Dr. Vande Kappelle was born and raised in Costa Rica, a picturesque country in Central America. A product of his multicultural surroundings, he came to the United States as a teenager and eventually enrolled at The King's College in Briarcliff Manor, NY. During his undergraduate years he played varsity soccer and traveled widely representing the college as pianist and public speaker. He studied religion and psychology while completing a major in Modern Foreign Languages. Following graduation he taught Spanish at King's before enrolling at Indiana University (Bloomington, IN), where he was granted an MA in Latin American Studies. He furthered his education at Princeton Theological Seminary, where he fulfilled the requirements for the MDiv and PhD degrees, concentrating in biblical studies. At Princeton he spent two years as a graduate assistant and then successfully defended his doctoral dissertation, "Evidence of a Jewish Proselytizing Tendency in the Old Greek (Septuagint) Version of the Book of Isaiah." At this time he became ordained as a Presbyterian minister and worked as a pastor for two years in New Jersey before he relocated to Pennsylvania to teach religion and philosophy at Grove City College (1975-1980). In 1980 he went to Washington & Jefferson College (W&J), serving as Chair of the Religious Studies Department and College Chaplain until 2014, when he retired from full-time teaching and continued in the capacity of Professor Emeritus of Religious Studies. In addition to teaching in the Special Studies program at Chautauqua Institution in Chautauqua, NY, Dr. Vande Kappelle serves as mentor to Body in Spirit, a Bible study and discussion group convened to study his writings.

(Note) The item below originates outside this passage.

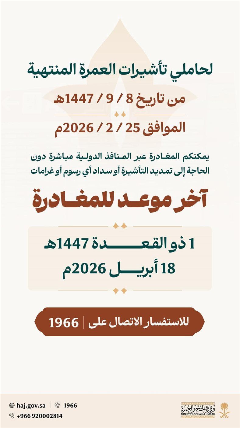 ملاحظة هامة: تدعو وزارة الحج والعمرة جميع المعتمرين المتواجدين حالياً إلى مراجعة تواريخ انتهاء تأشيراتهم والبدء في إجراءات حجز رحلات العودة قبل انتهاء المهلة المحددة لضمان الاستفادة من الإعفاء من الغرامات.
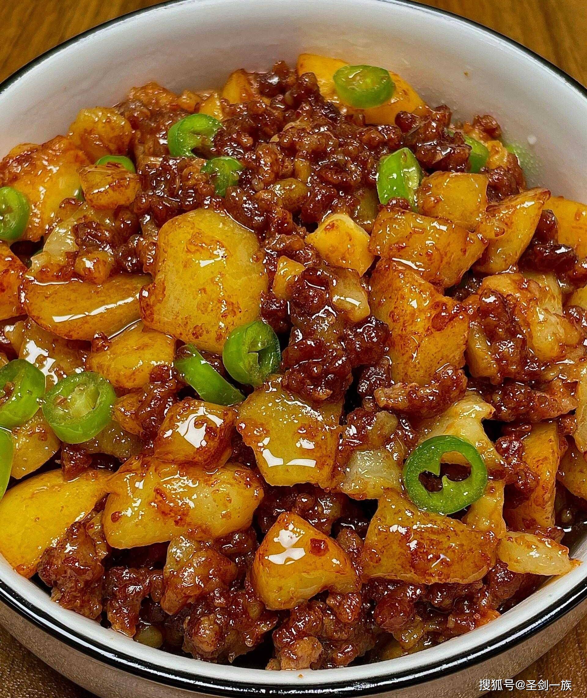 所需食材:猪前腿肉末200 g、黄心土豆2个(约400 g)、蒜末3瓣、小米辣2根、葱花1根、生抽2勺、老抽半勺、蚝油1勺、糖半勺、料酒1勺、白胡椒粉少许、清水小半碗、食用油2勺。 步骤: 1. 土豆去皮切1 cm小丁,清水淘洗2遍去淀粉,沥干备用;肉末加料酒、白胡椒粉抓匀腌5分钟。 2. 热锅冷油1勺,下土豆丁中火煎至边缘微焦金黄,盛出待用。 3. 同锅再加1勺油,放蒜末、小米辣圈爆香,倒入肉末快速划散,炒至变色出油。 4. 把煎香的土豆倒回锅中,与肉末混合,沿锅边淋生抽、老抽,翻匀上色。 5. 加蚝油、糖,倒入小半碗清水,盖上锅盖,转中小火焖4分钟,让土豆吸足肉汁。 6. 开盖转大火收汁,汤汁浓稠后尝味,缺盐补少许生抽,撒一把葱花翻匀。 7. 关火焖30秒让葱香渗透,出锅装盘,汤汁裹满土豆,肉香四溢。 八、麻婆豆腐

A multi-linguist who has studied nine languages, Dr. Vande Kappelle has authored forty books, including biblical commentaries, volumes on ethics and church history, and study guides on faith, theology, literature, the arts, and spirituality, in addition to various articles and chapters for scholarly journals and texts. He received two National Endowment for the Humanities grants, including one at Princeton University, where he participated in the postdoctoral seminar "Pagans and Christians in the Roman Empire" and another at the University of Pennsylvania, where he participated in the Summer Institute in Near Eastern Archaeology, sponsored by the American Schools for Oriental Research. Dr. Vande Kappelle is listed in Who's Who in Biblical Studies and Archaeology, Who's Who Among Executives and Professionals in Education, four times in Who's Among America's Teachers, and three times in Who's Who in America. In 1991 he received the "Citizen of the Year" award from Community Action of Southwestern Pennsylvania for Washington County.

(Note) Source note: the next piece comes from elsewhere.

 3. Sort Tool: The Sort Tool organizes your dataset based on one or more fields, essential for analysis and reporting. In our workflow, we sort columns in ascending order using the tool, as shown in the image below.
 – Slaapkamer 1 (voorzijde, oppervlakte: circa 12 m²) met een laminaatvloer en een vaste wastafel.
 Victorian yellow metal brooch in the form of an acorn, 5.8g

His fascination with other cultures and places has led him to travel through five continents. In 1975 he spent the summer in Spain as leader of a summer study abroad experience for a consortium of colleges. A sabbatical trip through southern Europe, the Middle East, and North Africa in 1989 enabled him to visit many religious and archaeological sites. In the summer of 1993 he traveled to Mexico on a fact-finding team with W&J faculty, after which he presented a paper at an international conference of the Society of Biblical Literature in Munster, Germany. He attended an international clergy conference in Cuba in 2005.
Dr. Vande Kappelle is married to the Reverend Dr. Susan Vande Kappelle, an ordained minister in the Presbyterian Church (USA) and a Gestalt Pastoral Care minister. They have two children and six grandchildren.